◆ Task instructions ◆
Restate every entry verbatim; drop the pictures.

--- Dataset entries Enclosed Below ---

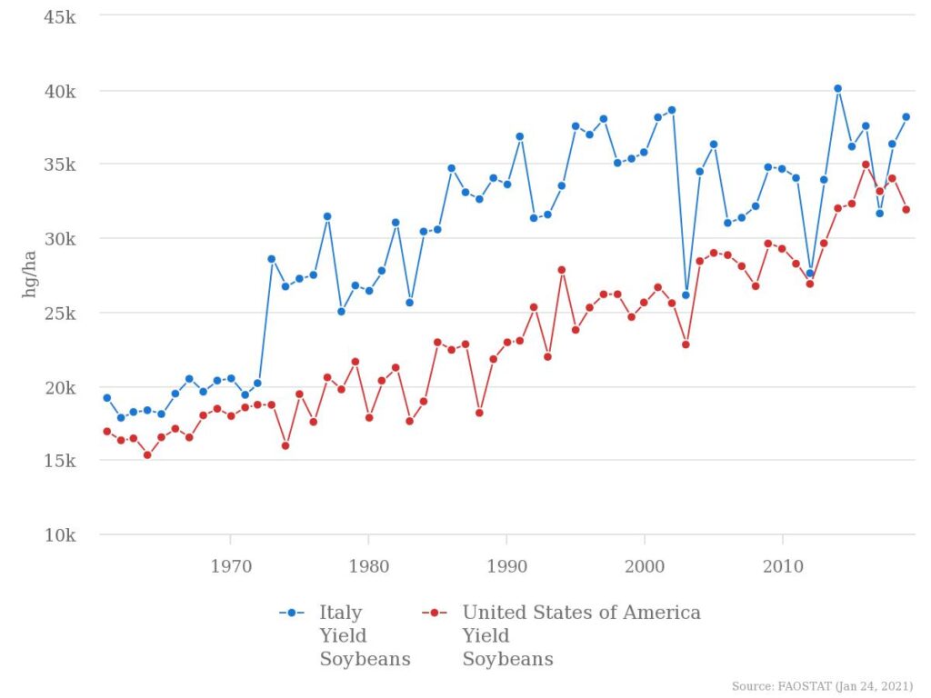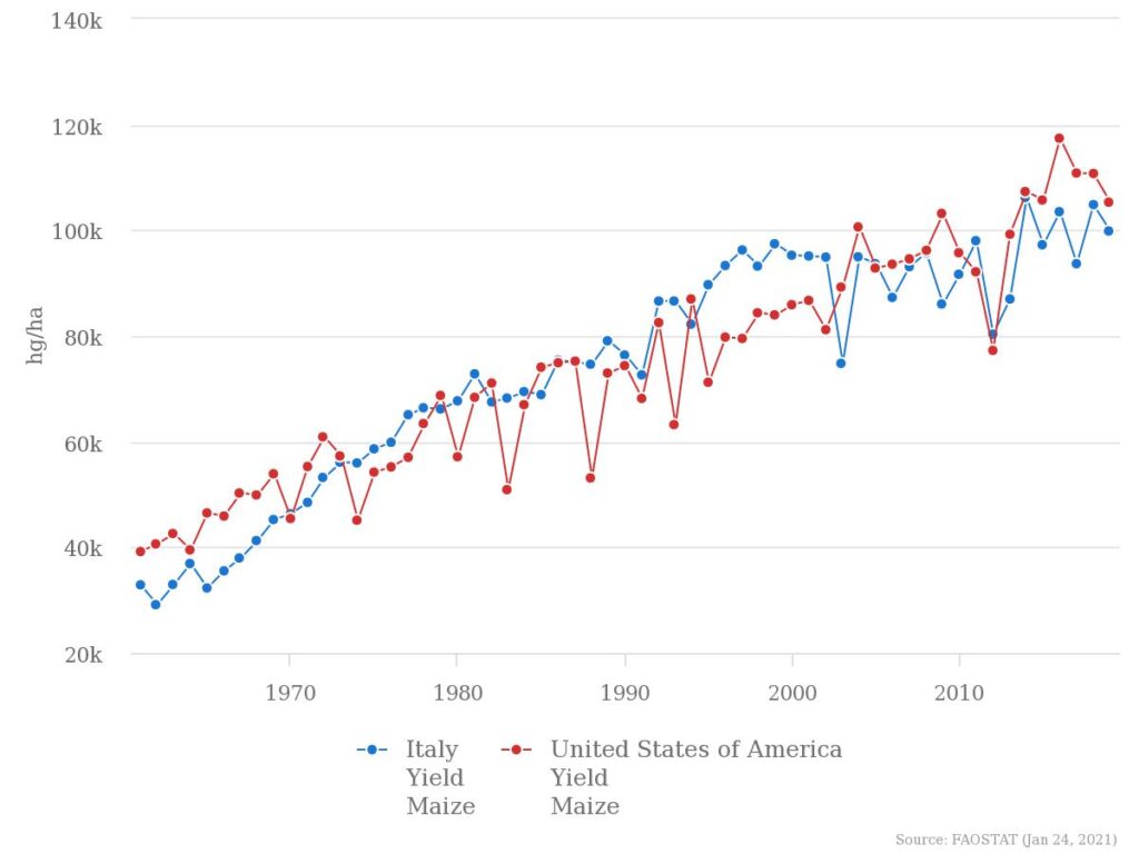 Negli USA è stata indubbiamente riscontrata una crescita lineare delle rese per ettaro di mais, soia e cotone, sebbene in linea con i trend pre-transgenesi. Risultati sicuramente ragguardevoli, che però si scontrano con un’altra evidenza empirica: al di là dei luoghi comuni mediatici (e di situazioni molto particolari come i contest agricoli), le rese dei maiscoltori italiani hanno poco da invidiare a quelle dei colleghi statunitensi, mentre quelle di soia nostrane performano addirittura meglio delle rivali a stelle e strisce.
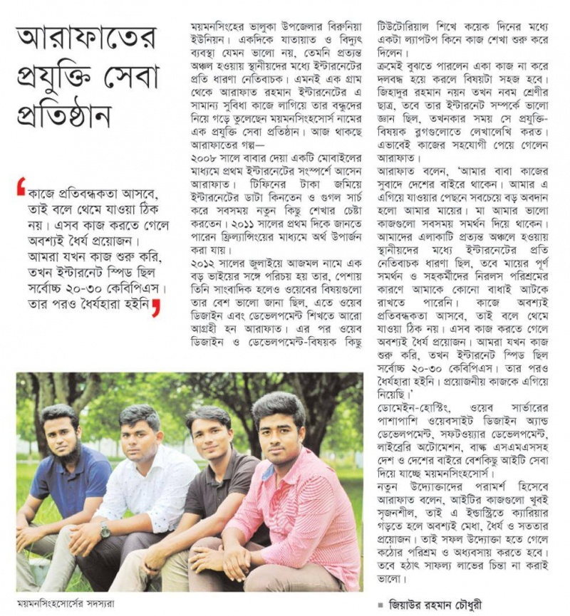 আমরা ডিসেম্বর এর শুরুর দিকে কিছু প্রতারণার শিকার হই। যেই company এ থেকে web hosting reseller package নিয়েছিলাম, সেই company এর কাছ থেকেই প্রতারণার শিকার হই। তারা আমাদের access দিচ্ছিল না, এক-দুইজন বড় ক্লায়েন্টের সাইটগুলো suspense করে দিয়েছিল। এ ধরনের আরও কিছু সমস্যা হচ্ছিল। যার জন্যর আমরা hosting টা change করে ফেলে mymensinghsource.com এ নামে শুরু করি। একটা কথা বলে রাখি, তখন আমি একা ছিলাম না। আমার সাথে আমার এক friend ও ছিল। আমি এবং জিহাদুর রহমান নয়ন।
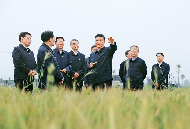 2021年9月13日至14日,中共中央總書記、國(guó)家主席、中央軍委主席習(xí)近平在陜西省榆林市考察。這是13日下午,習(xí)近平在米脂縣銀州街道高西溝村臨時(shí)下車,察看糧食作物長(zhǎng)勢(shì),同正在田間勞作的老鄉(xiāng)拉家常。 新華社記者 李學(xué)仁/攝
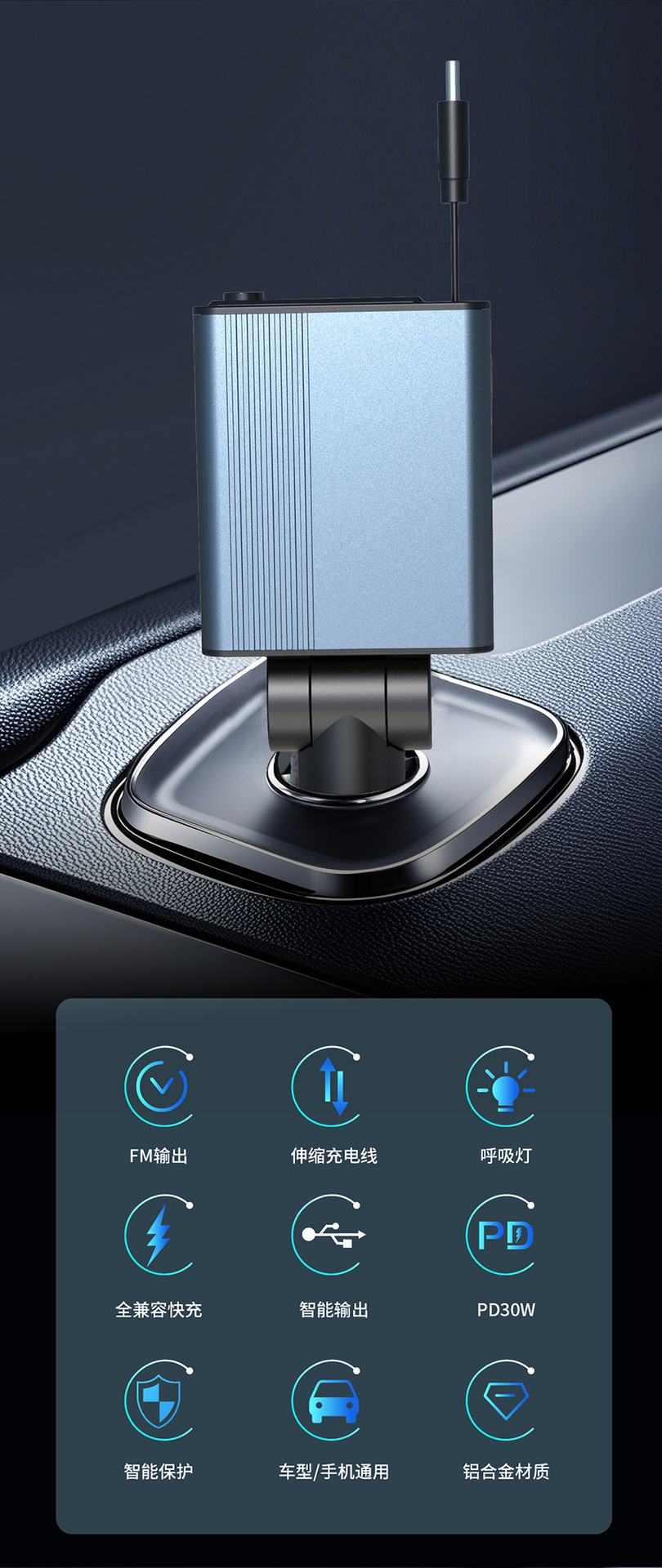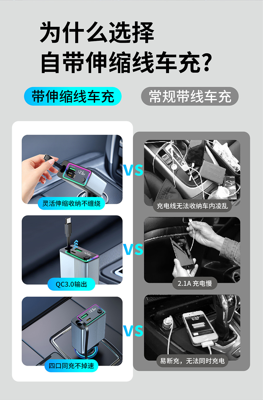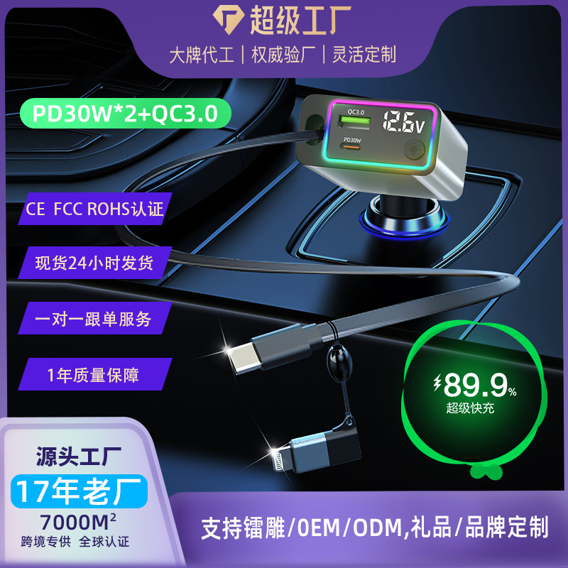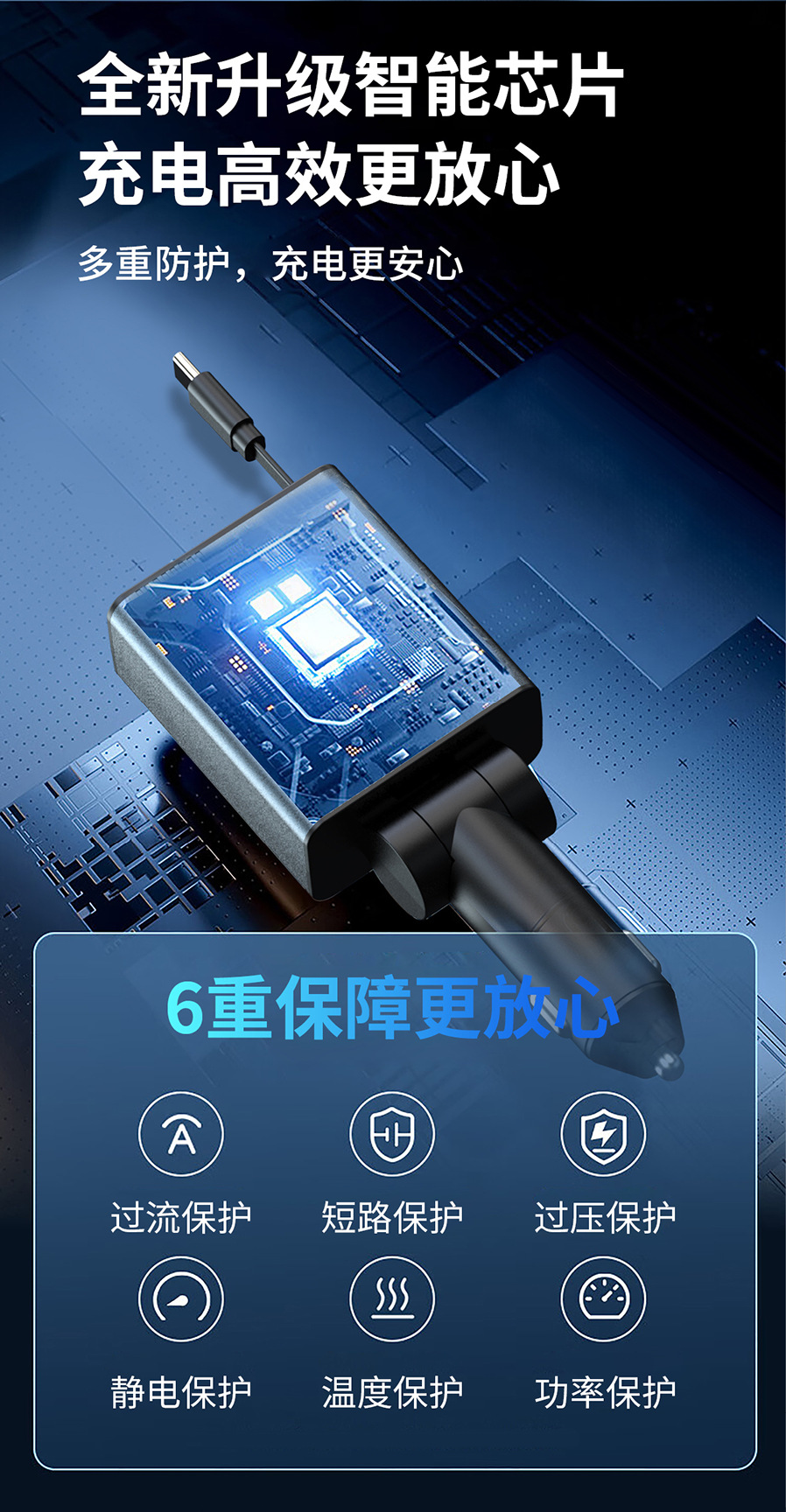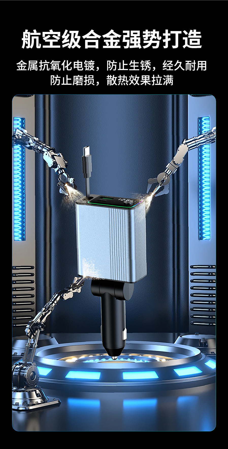 New Cross-border Telescopic Cable Car Charging Digital Display Fast Charging Metal Cigarette Lighting Car Charger CE FCC ROHS certification
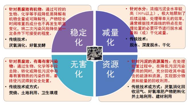 污泥處理處置原則:“安全環(huán)保、循環(huán)利用、節(jié)能降耗、因地制宜、穩(wěn)妥可靠”,最終實(shí)現(xiàn)減量化、穩(wěn)定化、無(wú)害化、資源化。
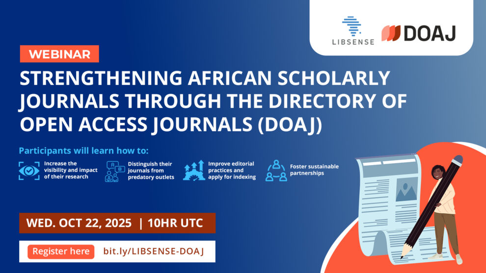 Join the webinar jointly hosted by LIBSENSE and the Directory of Open Access Journals (DOAJ). The Webinar will focus on strengthening African journals through DOAJ. Target audience: researchers, journal editors, publishers, authors, librarians, and scholarly communication stakeholders in Anglophone West and Central Africa.
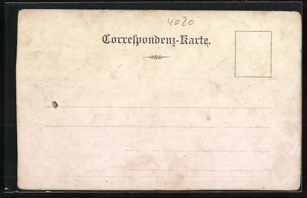 Personenbezogene Daten auf der Rückseite der Karte wurden durch blauen Textmarker unkenntlich gemacht. Die blauen Stellen sind auf die Vorderseite durchgeweicht und wirken sich negativ auf das Postkartenfoto aus
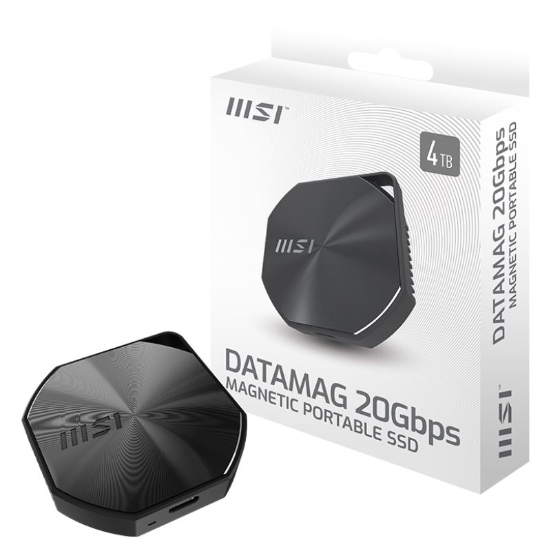MSI DATAMAG 20GBPS 1TB. SSD Speicherkapazität: 1 TB. USB-Anschlusstyp: USB Typ-C, USB-Version: USB 3.2 Gen 2x2. Lesegeschwindigkeit: 1600 MB/s, Schreibgeschwindigkeit: 1500 MB/s. Datenübertragungsrate: 20 Gbit/s. Produktfarbe: Schwarz
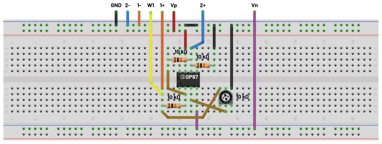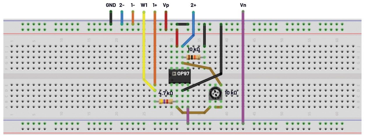 圖5.使用電位計的可變增益反相放大器的試驗板電路
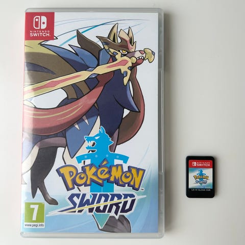 Nintendo Switch Pokémon Sword. Fysisk udgave i plastcover med spilcartridge til Nintendo Switch-konsol.
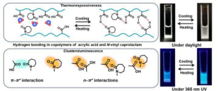 刺激响应性发光聚合物是一种在外界刺激下改变发光强度或波长的智能材料,在信息显示和生物传感领域有着广阔的应用前景。簇发光聚合物是一类新兴的发光聚合物,这些聚合物不含芳香基团,通过分子内的氧、氮、硫等杂原子和羰基、羟基等基团的聚集实现能量转移和荧光发射。探索刺激响应性和发光行为之间的关系、构筑新型的刺激响应性的簇发光聚合物成为当前发光聚合物研究的关键问题。该工作中,论文作者将强氢键给体—丙烯酸(AAc)与强氢键受体—乙烯基己内酰胺(NVCL)进行共聚,制备了具有簇发光功能和上临界溶解温度的温敏性聚合物。AAc-NVCL之间的氢键在低温下较为稳定使得聚合物链发生聚集,而在加热条件下可以解开使得聚合物溶解。这种温度响应性的链聚集同样影响了其发光行为:聚合物溶液在低温下可以发出更为明亮的蓝光。这种可调控的发光行为将扩展共聚物在传感和生物显象方面的应用。
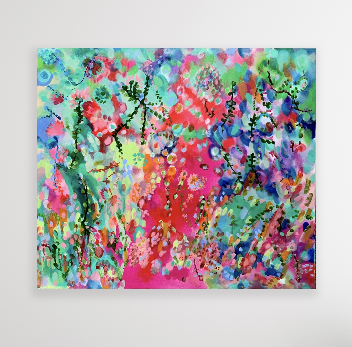 Galerie 2 zeigt ein Konglomerat unterschiedlichster abstrakter, minimalistischer, starkfarbiger und geometrischer Bilder verschiedener Formate, ausdrucksstark und strahlend. Die Drippings arbeite ich auf Anfrage in gewünschter Farbe.

--- End of Enclosed Dataset entries ---

◆ Expected answer ◆
 Negli USA è stata indubbiamente riscontrata una crescita lineare delle rese per ettaro di mais, soia e cotone, sebbene in linea con i trend pre-transgenesi. Risultati sicuramente ragguardevoli, che però si scontrano con un’altra evidenza empirica: al di là dei luoghi comuni mediatici (e di situazioni molto particolari come i contest agricoli), le rese dei maiscoltori italiani hanno poco da invidiare a quelle dei colleghi statunitensi, mentre quelle di soia nostrane performano addirittura meglio delle rivali a stelle e strisce.
 আমরা ডিসেম্বর এর শুরুর দিকে কিছু প্রতারণার শিকার হই। যেই company এ থেকে web hosting reseller package নিয়েছিলাম, সেই company এর কাছ থেকেই প্রতারণার শিকার হই। তারা আমাদের access দিচ্ছিল না, এক-দুইজন বড় ক্লায়েন্টের সাইটগুলো suspense করে দিয়েছিল। এ ধরনের আরও কিছু সমস্যা হচ্ছিল। যার জন্যর আমরা hosting টা change করে ফেলে mymensinghsource.com এ নামে শুরু করি। একটা কথা বলে রাখি, তখন আমি একা ছিলাম না। আমার সাথে আমার এক friend ও ছিল। আমি এবং জিহাদুর রহমান নয়ন।
 2021年9月13日至14日,中共中央總書記、國(guó)家主席、中央軍委主席習(xí)近平在陜西省榆林市考察。這是13日下午,習(xí)近平在米脂縣銀州街道高西溝村臨時(shí)下車,察看糧食作物長(zhǎng)勢(shì),同正在田間勞作的老鄉(xiāng)拉家常。 新華社記者 李學(xué)仁/攝
 New Cross-border Telescopic Cable Car Charging Digital Display Fast Charging Metal Cigarette Lighting Car Charger CE FCC ROHS certification
 污泥處理處置原則:“安全環(huán)保、循環(huán)利用、節(jié)能降耗、因地制宜、穩(wěn)妥可靠”,最終實(shí)現(xiàn)減量化、穩(wěn)定化、無(wú)害化、資源化。
 Join the webinar jointly hosted by LIBSENSE and the Directory of Open Access Journals (DOAJ). The Webinar will focus on strengthening African journals through DOAJ. Target audience: researchers, journal editors, publishers, authors, librarians, and scholarly communication stakeholders in Anglophone West and Central Africa.
 Personenbezogene Daten auf der Rückseite der Karte wurden durch blauen Textmarker unkenntlich gemacht. Die blauen Stellen sind auf die Vorderseite durchgeweicht und wirken sich negativ auf das Postkartenfoto aus
MSI DATAMAG 20GBPS 1TB. SSD Speicherkapazität: 1 TB. USB-Anschlusstyp: USB Typ-C, USB-Version: USB 3.2 Gen 2x2. Lesegeschwindigkeit: 1600 MB/s, Schreibgeschwindigkeit: 1500 MB/s. Datenübertragungsrate: 20 Gbit/s. Produktfarbe: Schwarz
 圖5.使用電位計的可變增益反相放大器的試驗板電路
 Nintendo Switch Pokémon Sword. Fysisk udgave i plastcover med spilcartridge til Nintendo Switch-konsol.
 刺激响应性发光聚合物是一种在外界刺激下改变发光强度或波长的智能材料,在信息显示和生物传感领域有着广阔的应用前景。簇发光聚合物是一类新兴的发光聚合物,这些聚合物不含芳香基团,通过分子内的氧、氮、硫等杂原子和羰基、羟基等基团的聚集实现能量转移和荧光发射。探索刺激响应性和发光行为之间的关系、构筑新型的刺激响应性的簇发光聚合物成为当前发光聚合物研究的关键问题。该工作中,论文作者将强氢键给体—丙烯酸(AAc)与强氢键受体—乙烯基己内酰胺(NVCL)进行共聚,制备了具有簇发光功能和上临界溶解温度的温敏性聚合物。AAc-NVCL之间的氢键在低温下较为稳定使得聚合物链发生聚集,而在加热条件下可以解开使得聚合物溶解。这种温度响应性的链聚集同样影响了其发光行为:聚合物溶液在低温下可以发出更为明亮的蓝光。这种可调控的发光行为将扩展共聚物在传感和生物显象方面的应用。
 Galerie 2 zeigt ein Konglomerat unterschiedlichster abstrakter, minimalistischer, starkfarbiger und geometrischer Bilder verschiedener Formate, ausdrucksstark und strahlend. Die Drippings arbeite ich auf Anfrage in gewünschter Farbe.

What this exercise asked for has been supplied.